I was planning of using `SparkSubmitOperator`, which would connect to Amazon EMR and execute the analysis there.
Then the result would also be stored in S3 and copied to Redshift with `COPY ...` statement.
In the workaround solution, a simple `INSERT INTO` SQL statement is used instead.

Finally, a simple data quality check is run, which checks, whether at least a single record was added to the table.

### Markets value pipeline
Data is simply fetched from Quandl API. We use templating based on execution date and variable `market_indices`
to determine what values to fetch. The data is then stored in Redshift in `markets_value` table:

![markets_value_table](https://imgur.com/WEQbPI4.png)
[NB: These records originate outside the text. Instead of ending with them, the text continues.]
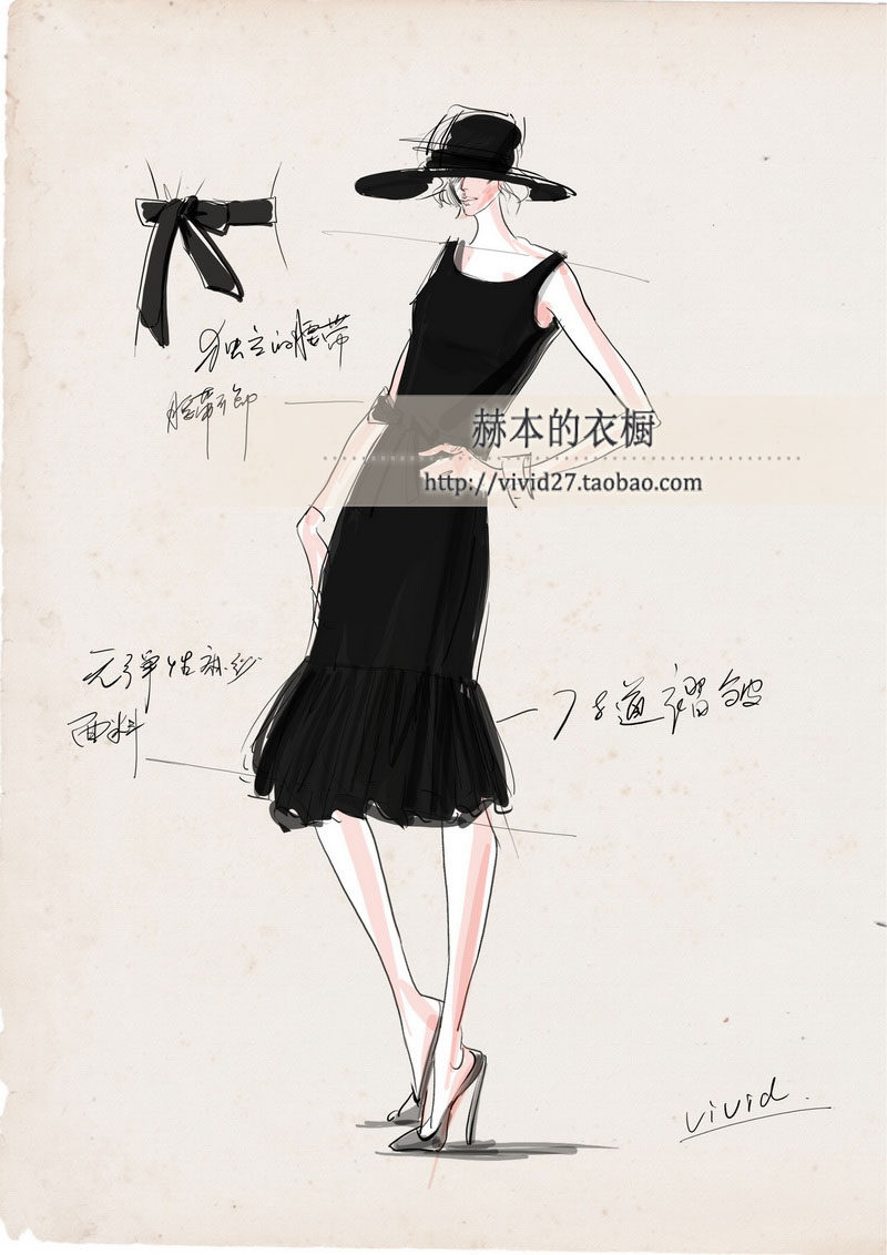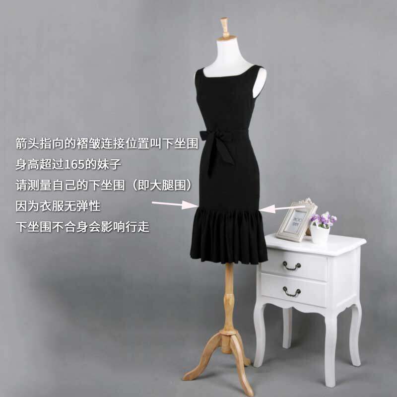 独家自制荷叶摆修身连衣裙大牌名媛显瘦赫本小个子小黑裙
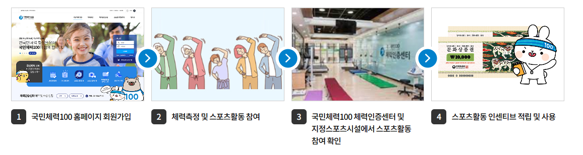- 신청방법 : 국민체력 100 홈페이지에서 회원가입 후 신청
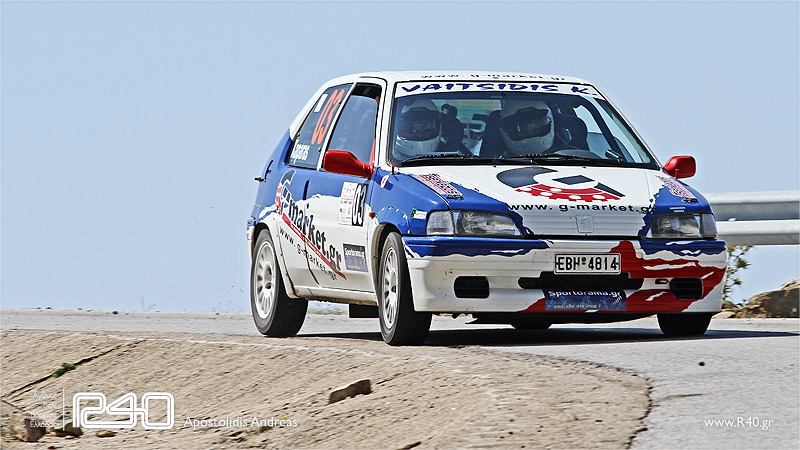 Νικητές στην κατηγορία Α5, μετά από ένα ΄΄καθαρό΄΄ αγώνα αναδείχθηκαν οι Βελέζης/Μαύρος με Toyota Yaris. Εξασφάλισαν διαφορά 40 δευτερολέπτων από το πρώτο κιόλας πέρασμα και το τέλος του αγώνα τους βρήκε με συνολική διαφορά 52 δευτερολέπτων από την δεύτερη θέση. Μετά το πρώτο πέρασμα όλα έδειχναν ότι θα γινόταν μάχη ανάμεσα στα 2 Peugeot rallye 1.3 για την δεύτερη θέση καθώς οι Βαιτσίδης/Καπάρας ήταν 3 δεύτερα εμπρός από τον θείο και ανιψιό, Μάστορα Αλέξη και Βασίλειο. Το πλήρωμα από την Κοζάνη όμως στο δεύτερο πέρασμα (όπως συνηθίζουν) κατέβασε 16 δεύτερα και κατέλαβε τελικά την δεύτερη θέση.
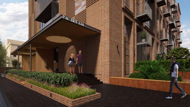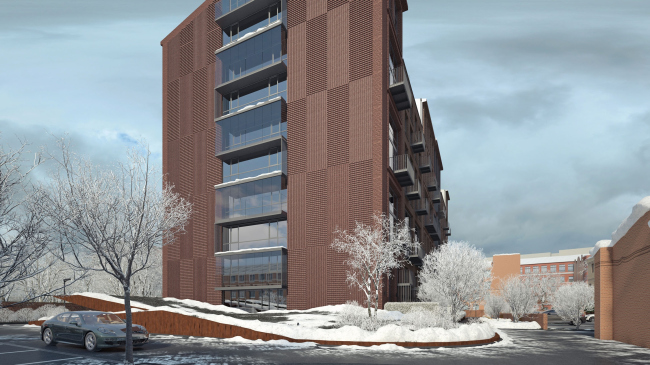 Архитекторы используют кирпич разных оттенков для каждого условного «дома», и немного «играют» уровнями карнизов. Идея небольших домов подчеркивается не только пластикой фасадов, но также и объемно – за счет разной высоты конька кровли. Силуэт обогащается открытыми террасами верхних этажей, усиливая сходство с улицей. Условный «дом» – одна ячейка фасада – соответствует одному большому лофту с видом на музей на западной стороне здания и двум поменьше на восточной стороне. Поэтому западные и восточные фасады дополнительно различаются между собой – шириной, пропорциями, количеством окон. Тему подхватывают нюансы и детали: фактура кирпичной кладки, обрамления окон (кирпичные рамки, металлические и лаконичные окна без обрамлений) и балконы (выступающие, французские, углубленные лоджии), – формируя индивидуальные черты лица каждого «дома».
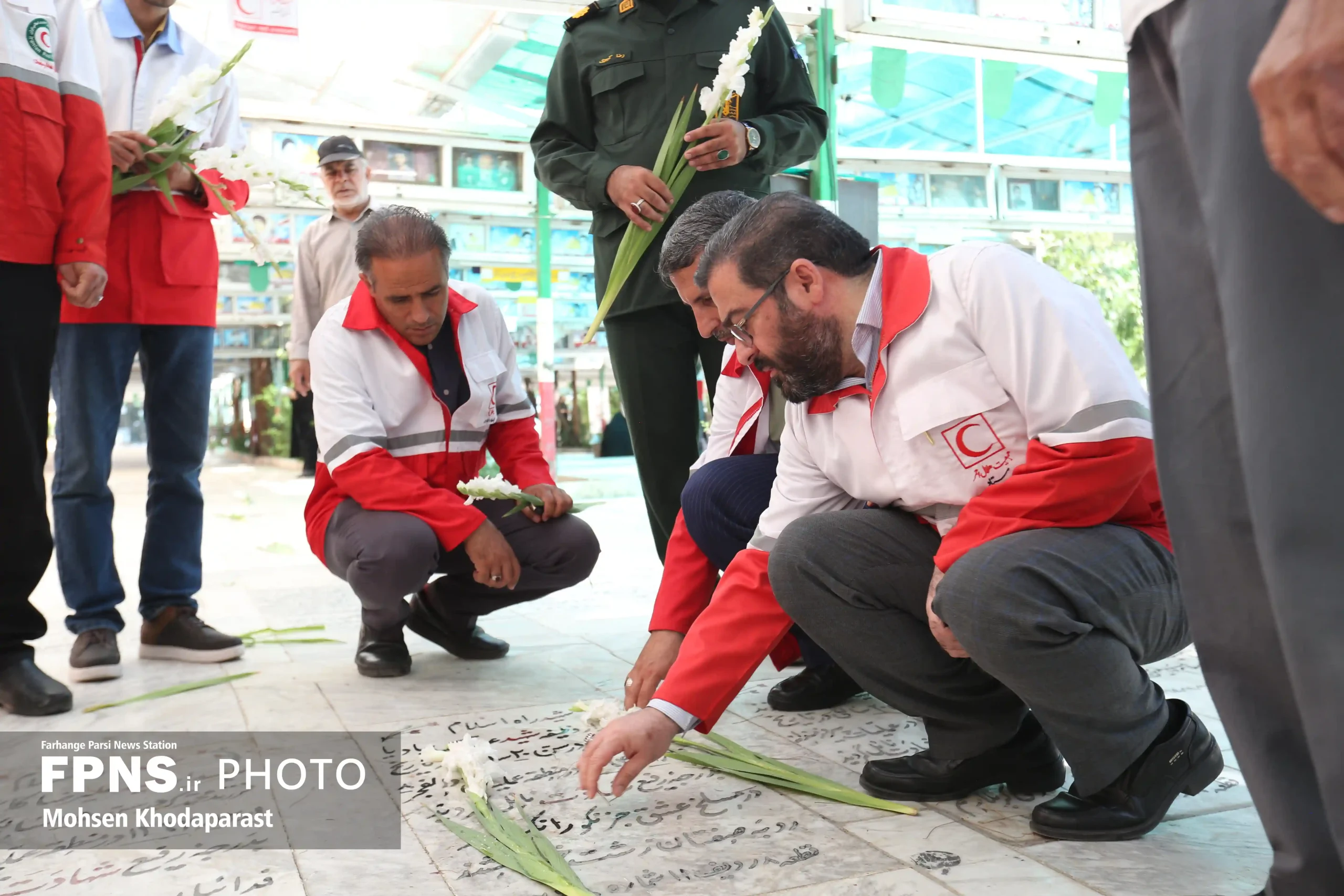 امدادگران ، جوانان و داوطلبان جمعیت هلال احمر استان قم به مناسبت یادواره استانی ۱۴۰ شهید امدادگر استان قم با مقام شامح شهیدان ادای احترام و تجدید عهد کردند.
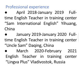 國籍: 俄羅斯 求職意向: 教師
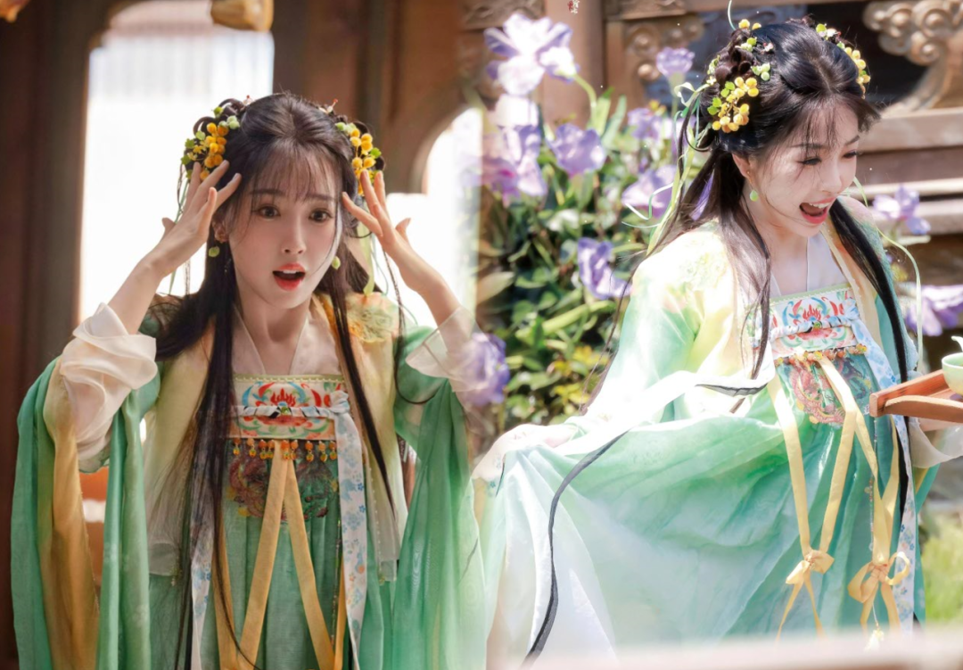 虞书欣饰演的穿书女配凌妙妙,古装妆造中凌妙妙机灵可爱,妆容精致而自然,融入了现代的时尚妆容风格,恰到好处展现角色的甜美。发型多采用传统的发髻和发簪,贴合凌妙妙的角色个性,多采用双发髻以及色彩亮丽的发簪发饰,珠花运用了诸多花果元素,且采用非遗绒花,角色造型更加灵动俏皮,与服饰的搭配极为和谐。凌妙妙的服装配色丰富大胆却和谐,刺绣花纹的服装细节并结合各种丝带串珠,角色的妆造养眼讨喜。
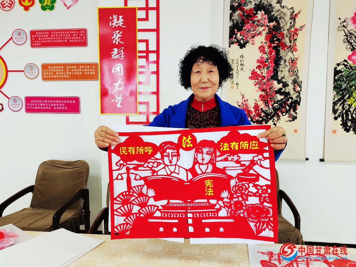 “秀剪紙+曬書法”,讓普法宣傳“活”起來。為傳承和弘揚中華優秀傳統文化,將法治元素融入非遺文化元素,借助剪紙和書法展現法治亮點,以群眾喜聞樂見的方式增強普法宣傳效果。榆林社區邀請民間藝術家何淑蘭和書法愛好者金發賢,現場制作和書寫主題鮮明的剪紙、書法作品,把獨創的剪紙和書法作品將法治元素完美融合,不僅弘揚了我國傳統文化剪紙和書法藝術,傳播了法治精神,也是用一種普法“新說法”,讓群眾既能領略到剪紙和書法的藝術魅力,更讓法治元素走進人們心里。
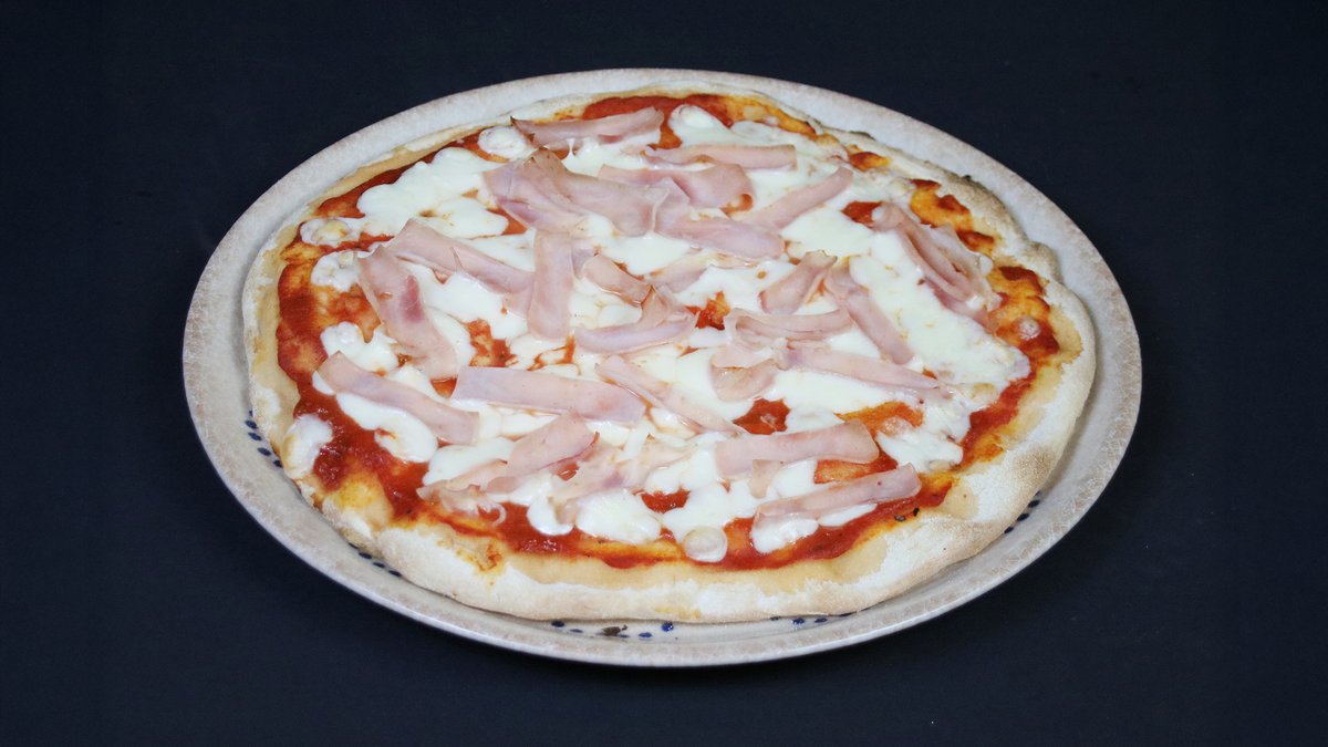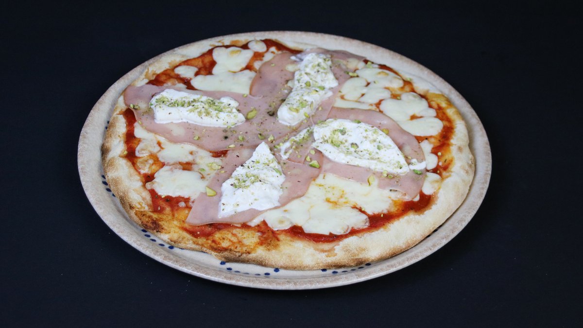 Prosciutto Cotto, Mozzarella Fior di Late, picas mērce, bazilika olīveļļa
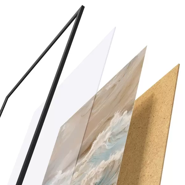 Das Poster besteht aus einem Rahmen, Plexiglas, einem gedruckten Bild und einer Rückwand aus Spanplatten. Dank der Halterungen auf der Rückseite kann das Poster sofort an die Wand gehängt werden.
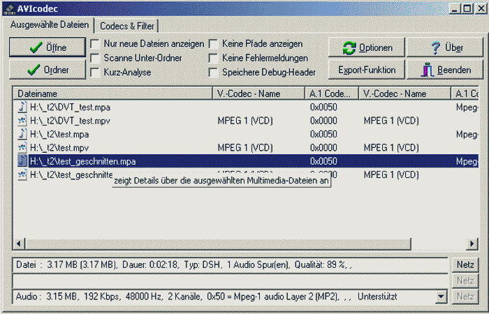 Audiodaten importieren: Alle mpa-Dateien markieren
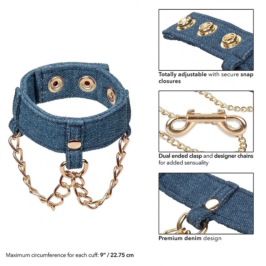 Vă oferim manșetele din colecția de lux de denim Ride Em, un metiaj perfect de stil, confort și reținere pentru aventurile dvs BDSM. Aceste manșete sunt gândite pentru a oferi o potrivire sigură și reglabilă, emanând în același timp o notă de sofisticare cu materialul lor denim.
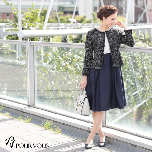 485201922 入学式 スーツ 卒業式 フォーマル 入園式 卒園式 レディース 大きいサイズ ママ セレモニー 母 お宮参り 50代 秋冬 ママスーツ 母親 ビジネス 2点セット セットアップ 2点 きれいめ 女性 スカートスーツ フォーマルスーツ ツイード ノーカラー お受験 幼稚園 面接
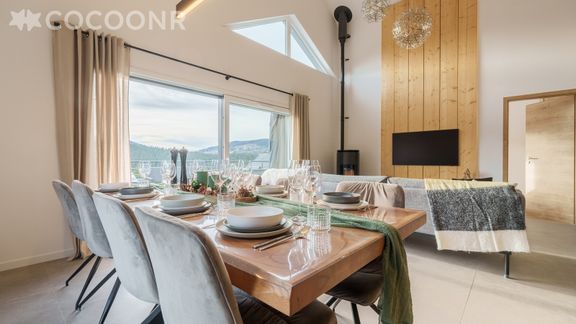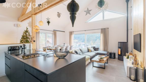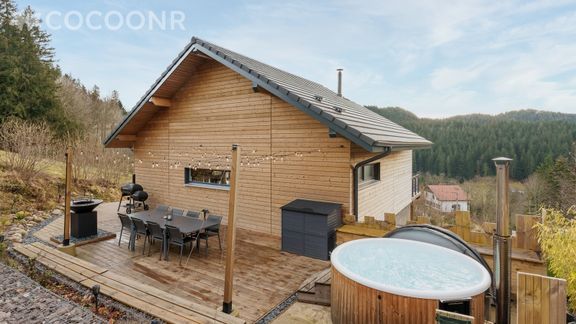 L'agence Cocoonr/Book&Pay vous propose à la location, à Gérardmer, cette charmante maison avec jacuzzi et vue montagne, d’une superficie de 120 m² et pouvant accueillir jusqu’à 8 voyageurs. Elle est composée d’une jolie pièce à vivre de 45 m² avec poêle à granulés, d'une cuisine équipée, de quatre belles chambres, de deux salles d'eau et vous pourrez profiter d’un jardin d’environ 1 200 m². Wifi (fibre optique), draps et serviettes inclus, nous n’attendons plus que vous !
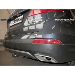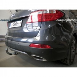 Enganche de remolque extraíble horizontal GALVANIZADO adecuado para el Hyundai Grand Santa Fe DM (2014-2019): Bola extraíble horizontal con bloqueo manual mediante giro de maneta o descripción similar. Contenido del envío: Enganche de remolque en color plata completo con una muy alta protección contra la corrosión gracias a su tratamiento de GALVANIZADO que incluye el cuerpo, la bola, los elementos de fijación, la tornillería, las instrucciones de montaje, el certificado de homologación europea 94/20/CE o R55 y el informe de conformidad. Cerradura opcional. NOTA: Para conocer el KIT ELÉCTRICO que mejor se adapta al uso que le va a dar a su enganche, clique en "¿QUÉ KIT ELÉCTRICO ELEGIR?", lea con atención las características de los mismos y a continuación selecciónelo para añadirlo a su pedido. El mismo se envía directamente desde fábrica en Europa con un tránsito entre 2 y 5 días. Si tiene alguna duda sobre el producto, póngase en contacto con nosotros y le atenderemos gustosamente.
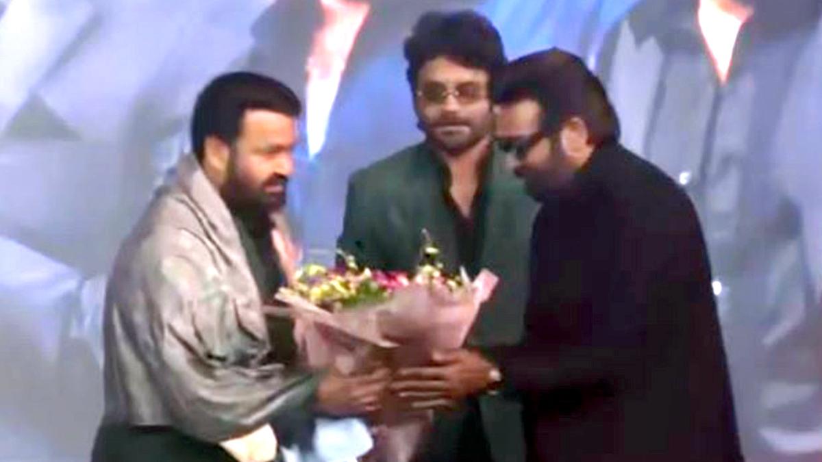 As the three stars stepped onto the stage, Nagarjuna paused to congratulate Mohanlal on his Dadasaheb Phalke Award.
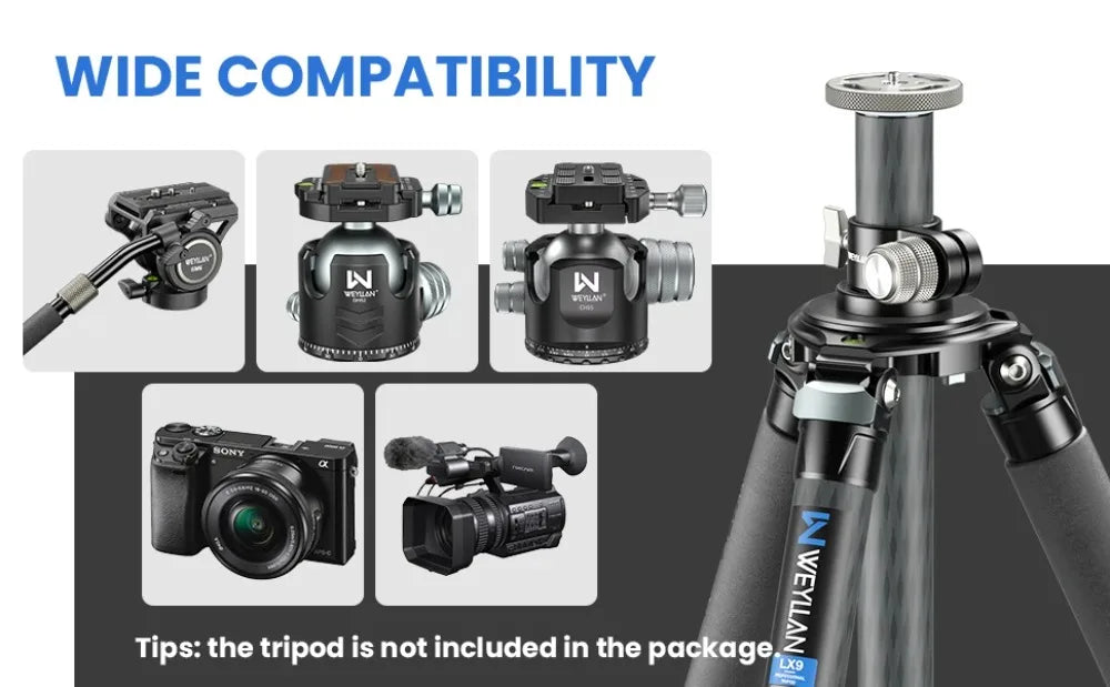 Con el WEYLLAN TZ8 tendrás un accesorio imprescindible para tu trípode, perfecto para fotógrafos y videógrafos que buscan estabilidad, flexibilidad y profesionalismo en cada toma.
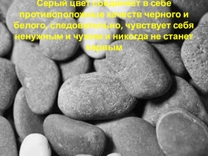 Слайд 36Серый цвет соединяет в себе противоположные качеств черного и белого, следовательно,
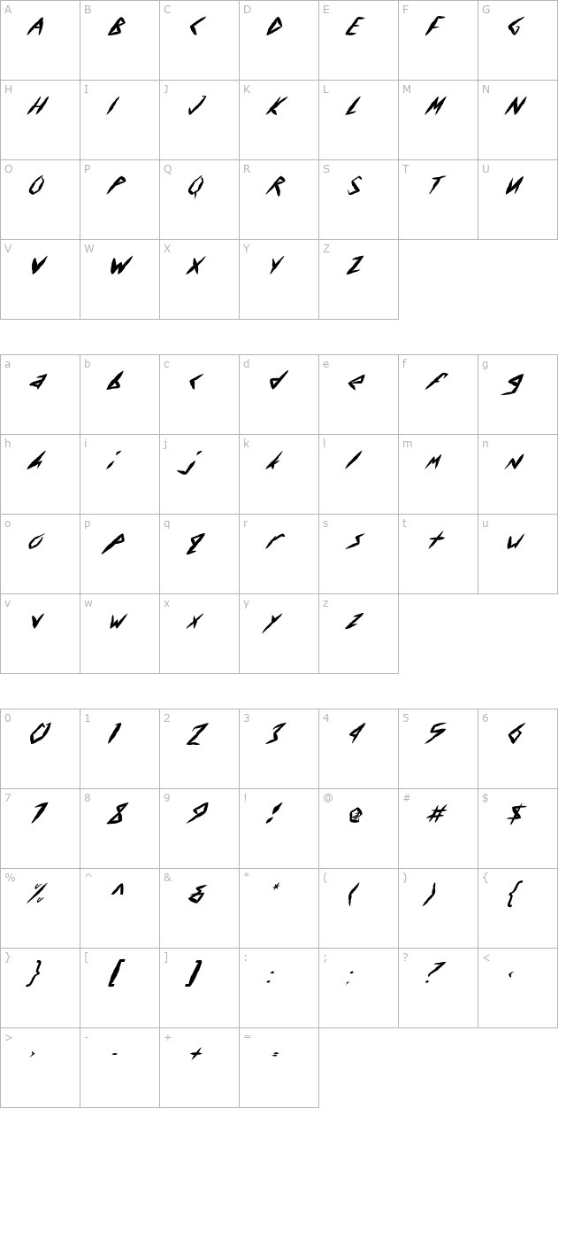FZ UNIQUE 17 MANGLED ITALIC Character Map

After the insertion, a simple data quality check is run, which checks,
whether at least a single record was added to the table.

### Combined pipeline

Both pipelines were combined and defined as a single DAG in Airflow called `tweets_and_market`:

![tweets_and_market_dag](https://imgur.com/3mMFYlZ.png)

### Tables configuration pipeline

In Airflow there is also the `reset_tables` DAG, which when triggered drops both tables and creates them once again:

![reset_tables_dag](https://imgur.com/xvH8mQa.png)

### Visualization

A simple visualization can be made based on this SQL:

```sql
SELECT mv.date AS date, mv.index, mv.value, ts.positive_count, ts.negative_count FROM markets_value mv
JOIN tweets_sentiment ts ON mv.date = ts.date
```

Results:

![sql_results](https://imgur.com/ZCgd8pQ.png)

### Reproducing results

Install dependencies:

```bash
pip install -r requirements.txt
```

Start Airflow:

```bash
./airflow_start.sh
```

```bash
./airflow_scheduler_start.sh
```

In Airflow configure following connections:
* aws (AWS)
* quandl (HTTP, put your API key in password field)
* redshift (Postgres)

and variables:
* market_indices (comma separated names of data from Quandl, e.g. `NASDAQOMX/XQC,NASDAQOMX/NQPL`)

Put the data into `data/tweets`.

Run the `reset_tables` DAG. Once finished, run the `tweets_and_markets` DAG.

## What if...

### ... the data was increased by 100x?
With the final solution working with an EMR connection, it would be enough to simply scale-up the cluster.
With the current solution we can split daily tweets into smaller portions and increase number of airflow workers
(very dummy solution, but it should work).

### ... the pipelines would be run on a daily basis by 7 am every day?
The pipelines are running on a daily basis right now, so no further actions are needed.
However, if we worry about missing the deadline of 7 am every day, we should define SLA for the pipeline.

### ... the database needed to be accessed by 100+ people?
The final tables in Amazon Redshift database are very small, so there won't be a problem accessing them efficiently
by many people. However, if needed, one can simply scale-up Amazon Redshift cluster to more nodes.